● Problem statement
For this exercise, copy exactly the lines below from the one with "50 mA/g. | |" through the one with "Midi Love Swallow" and leave out the pictures.

● Data excerpts
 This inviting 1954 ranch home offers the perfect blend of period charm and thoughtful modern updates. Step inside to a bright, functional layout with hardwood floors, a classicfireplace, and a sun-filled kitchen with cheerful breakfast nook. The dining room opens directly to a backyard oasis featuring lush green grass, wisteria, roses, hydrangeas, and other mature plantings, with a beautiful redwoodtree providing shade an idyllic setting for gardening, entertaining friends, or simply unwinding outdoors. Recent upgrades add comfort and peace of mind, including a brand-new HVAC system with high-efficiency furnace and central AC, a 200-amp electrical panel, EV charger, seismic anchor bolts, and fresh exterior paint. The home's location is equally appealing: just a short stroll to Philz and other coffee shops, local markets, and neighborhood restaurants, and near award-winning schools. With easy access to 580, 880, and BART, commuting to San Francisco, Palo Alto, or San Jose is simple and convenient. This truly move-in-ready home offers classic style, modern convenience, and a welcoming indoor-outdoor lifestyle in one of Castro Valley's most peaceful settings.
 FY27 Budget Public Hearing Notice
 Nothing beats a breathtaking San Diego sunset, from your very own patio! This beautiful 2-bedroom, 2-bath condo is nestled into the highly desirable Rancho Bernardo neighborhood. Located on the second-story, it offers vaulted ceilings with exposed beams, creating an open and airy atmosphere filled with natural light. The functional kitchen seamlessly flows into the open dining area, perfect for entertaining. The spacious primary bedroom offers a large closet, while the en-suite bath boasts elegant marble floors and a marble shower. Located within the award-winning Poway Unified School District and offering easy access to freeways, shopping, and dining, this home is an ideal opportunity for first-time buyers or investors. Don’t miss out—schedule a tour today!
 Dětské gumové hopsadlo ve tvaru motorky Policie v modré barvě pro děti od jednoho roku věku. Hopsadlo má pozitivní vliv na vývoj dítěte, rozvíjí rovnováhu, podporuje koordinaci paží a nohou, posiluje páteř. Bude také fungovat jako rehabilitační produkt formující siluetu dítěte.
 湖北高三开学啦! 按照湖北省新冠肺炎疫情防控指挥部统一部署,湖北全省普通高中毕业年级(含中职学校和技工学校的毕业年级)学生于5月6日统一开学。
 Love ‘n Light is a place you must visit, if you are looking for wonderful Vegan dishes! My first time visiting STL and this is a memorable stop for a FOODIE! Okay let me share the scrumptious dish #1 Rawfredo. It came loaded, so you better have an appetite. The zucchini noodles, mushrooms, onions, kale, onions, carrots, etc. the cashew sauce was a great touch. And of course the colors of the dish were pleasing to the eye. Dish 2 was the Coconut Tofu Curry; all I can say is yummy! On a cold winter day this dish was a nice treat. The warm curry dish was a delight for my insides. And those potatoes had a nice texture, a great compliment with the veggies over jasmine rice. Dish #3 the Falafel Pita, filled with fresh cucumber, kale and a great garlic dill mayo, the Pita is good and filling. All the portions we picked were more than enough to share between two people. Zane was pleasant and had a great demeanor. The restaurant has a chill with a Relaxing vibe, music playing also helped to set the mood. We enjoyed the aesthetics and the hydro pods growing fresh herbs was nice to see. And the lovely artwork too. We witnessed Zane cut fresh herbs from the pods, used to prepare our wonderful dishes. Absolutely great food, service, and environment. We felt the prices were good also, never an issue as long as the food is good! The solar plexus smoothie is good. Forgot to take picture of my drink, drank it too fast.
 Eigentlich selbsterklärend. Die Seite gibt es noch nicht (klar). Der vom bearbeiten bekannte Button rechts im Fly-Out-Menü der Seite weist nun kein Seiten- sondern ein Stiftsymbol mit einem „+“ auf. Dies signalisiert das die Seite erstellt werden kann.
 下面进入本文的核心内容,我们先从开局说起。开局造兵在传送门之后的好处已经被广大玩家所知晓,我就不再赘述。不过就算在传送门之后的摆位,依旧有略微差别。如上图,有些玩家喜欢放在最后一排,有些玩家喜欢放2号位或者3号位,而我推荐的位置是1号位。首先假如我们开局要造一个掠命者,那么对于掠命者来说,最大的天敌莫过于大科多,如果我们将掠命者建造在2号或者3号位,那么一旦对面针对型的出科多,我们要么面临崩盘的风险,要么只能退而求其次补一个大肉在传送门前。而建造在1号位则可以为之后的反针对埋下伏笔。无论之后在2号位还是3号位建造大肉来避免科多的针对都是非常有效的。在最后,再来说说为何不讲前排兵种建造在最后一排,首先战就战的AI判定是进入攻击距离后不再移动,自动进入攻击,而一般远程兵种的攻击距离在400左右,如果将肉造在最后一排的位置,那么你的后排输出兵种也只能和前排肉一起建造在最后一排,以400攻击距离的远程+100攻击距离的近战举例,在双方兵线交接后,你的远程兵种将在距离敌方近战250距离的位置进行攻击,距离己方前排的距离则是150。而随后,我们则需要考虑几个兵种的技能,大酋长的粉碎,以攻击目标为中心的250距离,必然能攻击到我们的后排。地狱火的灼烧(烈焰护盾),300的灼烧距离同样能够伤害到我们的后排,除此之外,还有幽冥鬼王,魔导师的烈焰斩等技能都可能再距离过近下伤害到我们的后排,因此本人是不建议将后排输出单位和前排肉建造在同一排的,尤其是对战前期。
* * *
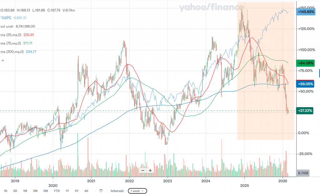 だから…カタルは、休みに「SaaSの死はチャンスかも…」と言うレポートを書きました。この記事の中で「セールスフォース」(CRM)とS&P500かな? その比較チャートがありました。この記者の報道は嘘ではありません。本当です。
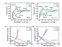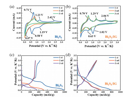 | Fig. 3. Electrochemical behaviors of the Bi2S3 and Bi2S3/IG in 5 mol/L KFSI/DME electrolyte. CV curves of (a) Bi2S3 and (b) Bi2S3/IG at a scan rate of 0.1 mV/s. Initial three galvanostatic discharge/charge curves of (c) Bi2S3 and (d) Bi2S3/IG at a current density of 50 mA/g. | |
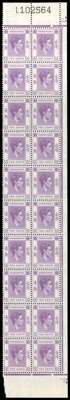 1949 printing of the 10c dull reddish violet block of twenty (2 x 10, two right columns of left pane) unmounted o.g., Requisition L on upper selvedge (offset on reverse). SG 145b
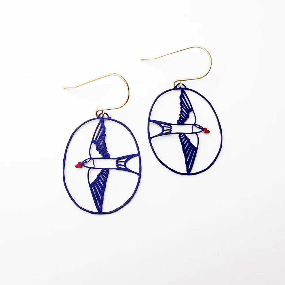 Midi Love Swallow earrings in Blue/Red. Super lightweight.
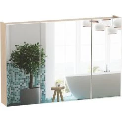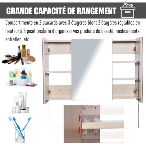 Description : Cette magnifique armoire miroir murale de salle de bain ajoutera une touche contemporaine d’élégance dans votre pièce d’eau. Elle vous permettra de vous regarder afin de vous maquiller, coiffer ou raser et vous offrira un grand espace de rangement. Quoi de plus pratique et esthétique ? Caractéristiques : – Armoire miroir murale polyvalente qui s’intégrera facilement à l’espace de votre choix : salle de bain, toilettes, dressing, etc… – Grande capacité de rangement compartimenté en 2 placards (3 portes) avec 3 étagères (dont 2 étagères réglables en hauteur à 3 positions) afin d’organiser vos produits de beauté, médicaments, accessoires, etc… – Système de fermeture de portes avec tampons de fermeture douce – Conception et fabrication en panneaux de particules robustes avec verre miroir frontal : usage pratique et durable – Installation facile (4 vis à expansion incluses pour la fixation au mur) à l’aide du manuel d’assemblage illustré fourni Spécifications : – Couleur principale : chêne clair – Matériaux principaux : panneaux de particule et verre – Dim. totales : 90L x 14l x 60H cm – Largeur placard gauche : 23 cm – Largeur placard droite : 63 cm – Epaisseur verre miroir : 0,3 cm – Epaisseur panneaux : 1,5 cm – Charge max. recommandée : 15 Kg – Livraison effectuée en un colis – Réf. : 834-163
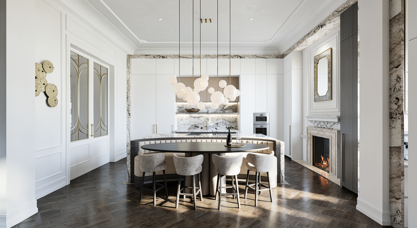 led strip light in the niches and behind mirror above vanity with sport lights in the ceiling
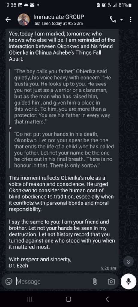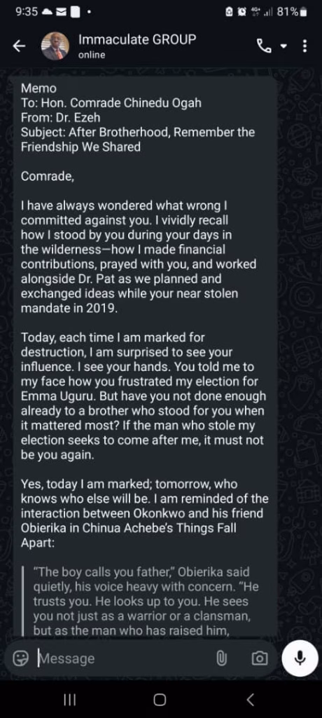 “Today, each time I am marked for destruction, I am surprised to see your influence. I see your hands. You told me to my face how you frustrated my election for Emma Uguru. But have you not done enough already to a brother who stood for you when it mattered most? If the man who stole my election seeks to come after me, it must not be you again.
...
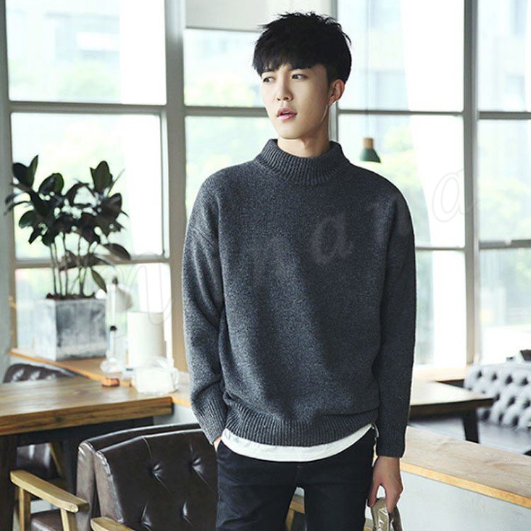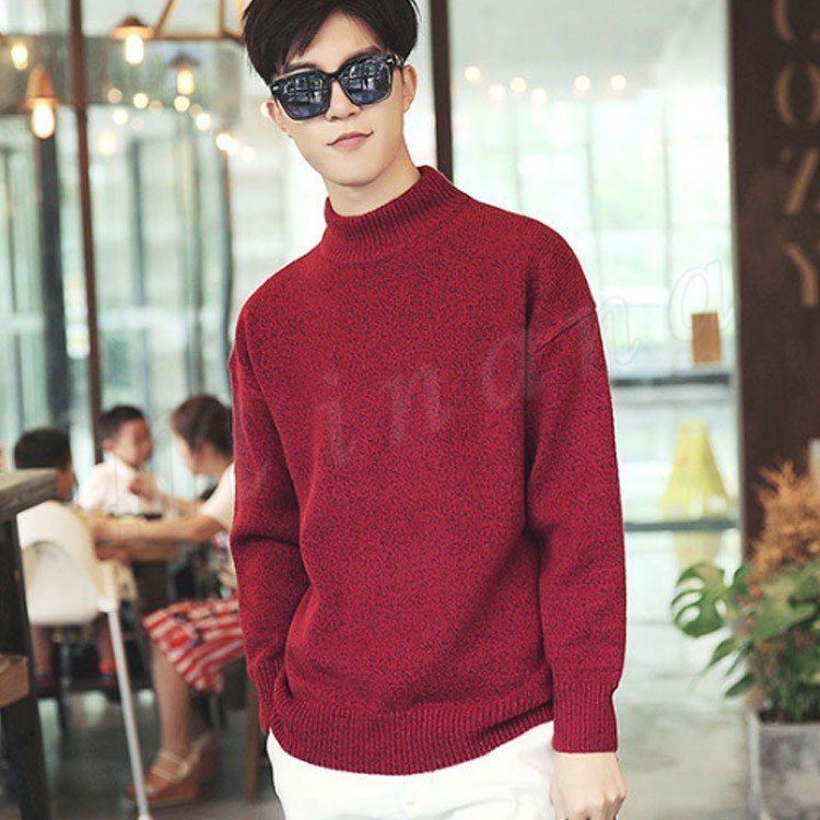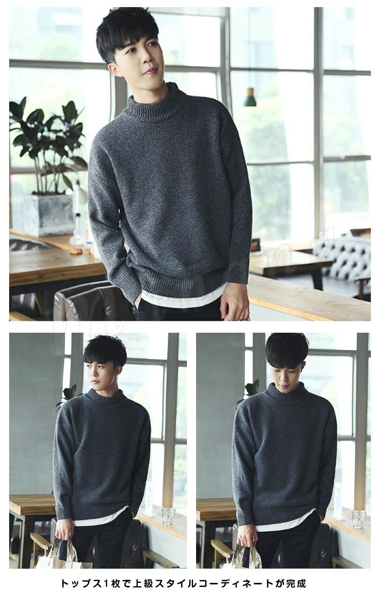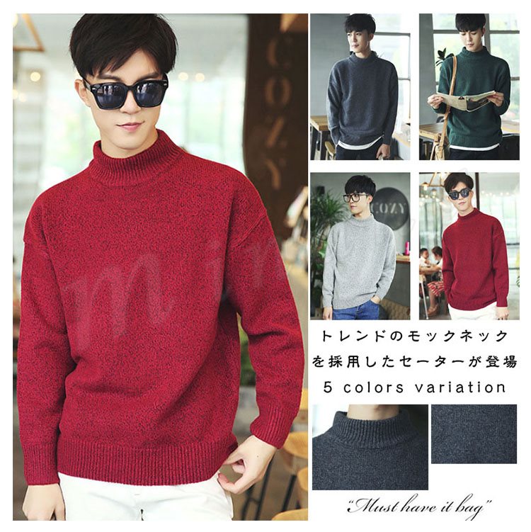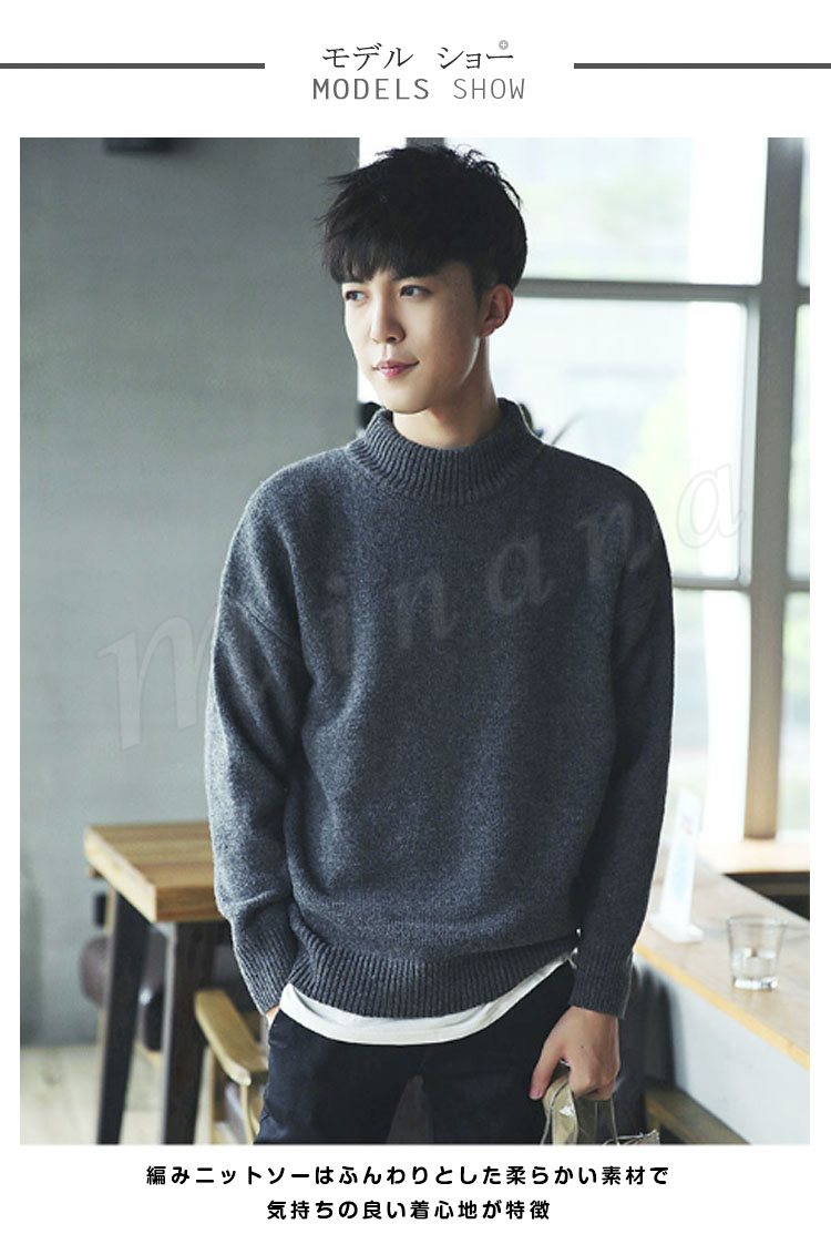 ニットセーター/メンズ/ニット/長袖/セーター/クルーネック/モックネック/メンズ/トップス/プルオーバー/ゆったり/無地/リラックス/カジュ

● Result of this exercise
 | Fig. 3. Electrochemical behaviors of the Bi2S3 and Bi2S3/IG in 5 mol/L KFSI/DME electrolyte. CV curves of (a) Bi2S3 and (b) Bi2S3/IG at a scan rate of 0.1 mV/s. Initial three galvanostatic discharge/charge curves of (c) Bi2S3 and (d) Bi2S3/IG at a current density of 50 mA/g. | |
 1949 printing of the 10c dull reddish violet block of twenty (2 x 10, two right columns of left pane) unmounted o.g., Requisition L on upper selvedge (offset on reverse). SG 145b
 Midi Love Swallow earrings in Blue/Red. Super lightweight.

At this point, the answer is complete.